» Assigned task
Please output the line containing "Ein winziges WunderSila" and all lines that follow it in the data below, exactly, with no pictures.

======== Data section ========

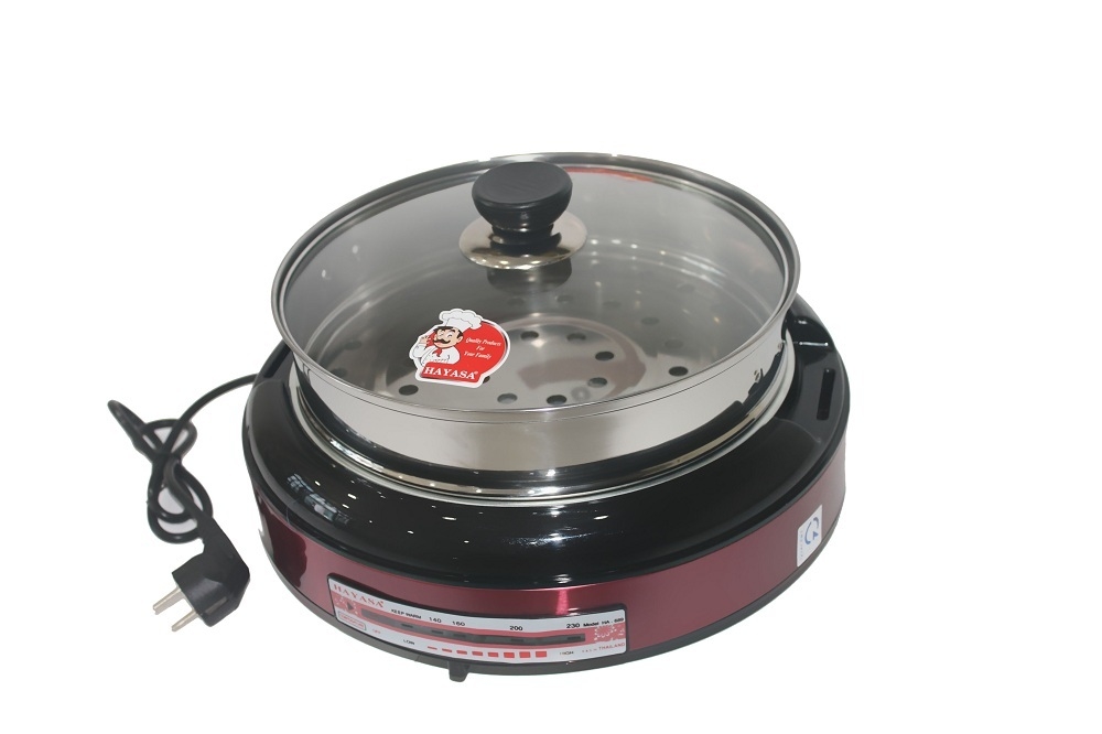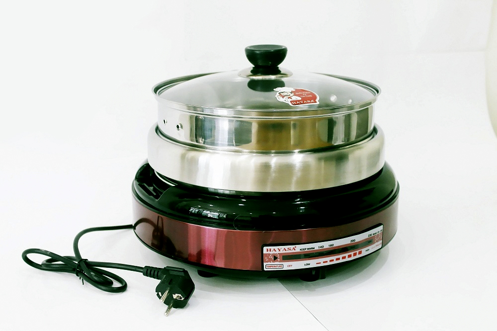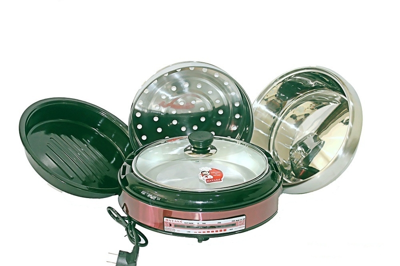 Tên sản phẩm: Nồi lẩu nướng hấp điện đa năng Hayasa với nhiều chức năng nấu,nướng hấp chiên xà
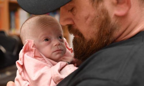 Ein winziges WunderSila wog nur 310 Gramm, als sie vor vier Monaten in der München Klinik in Harlaching auf die Welt kam. Sie ist das kleinste Frühchen aller Zeiten – aber eine große Kämpferin. Inzwischen wiegt sie 2120 Gramm und schaut ihren Papa Selim aus großen Augen an. Foto: Marcus Schlaf
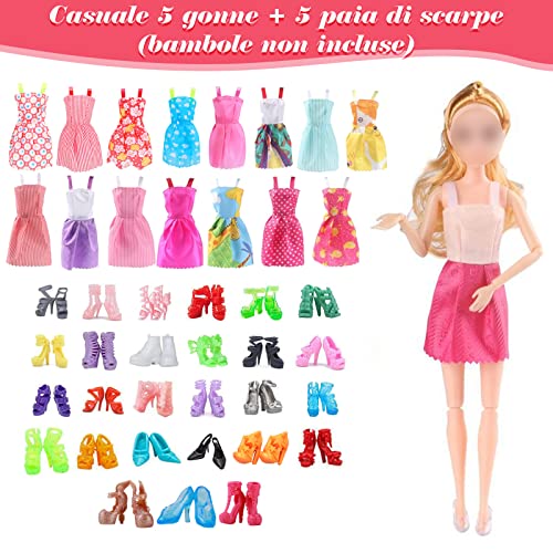 【Bambola Vestiti e Accessori Set】Riceverai 5pz vestito con spalline(stili casuali), 3pz abito in paillettes, 2 set abbigliamento per tutti i giorni(top+pantaloni), 2pz costumi da bagno, 5 paia di scarpe(stili casuali), varietà di stili, può soddisfare tutte le esigenze per cambiare le bambole, il stili viene inviato in modo casuale, offrendoti sorprese più diverse. (Non Include La Bambola, solo abiti, scarpe e accessori.)

========

» Exercise output
 Ein winziges WunderSila wog nur 310 Gramm, als sie vor vier Monaten in der München Klinik in Harlaching auf die Welt kam. Sie ist das kleinste Frühchen aller Zeiten – aber eine große Kämpferin. Inzwischen wiegt sie 2120 Gramm und schaut ihren Papa Selim aus großen Augen an. Foto: Marcus Schlaf
 【Bambola Vestiti e Accessori Set】Riceverai 5pz vestito con spalline(stili casuali), 3pz abito in paillettes, 2 set abbigliamento per tutti i giorni(top+pantaloni), 2pz costumi da bagno, 5 paia di scarpe(stili casuali), varietà di stili, può soddisfare tutte le esigenze per cambiare le bambole, il stili viene inviato in modo casuale, offrendoti sorprese più diverse. (Non Include La Bambola, solo abiti, scarpe e accessori.)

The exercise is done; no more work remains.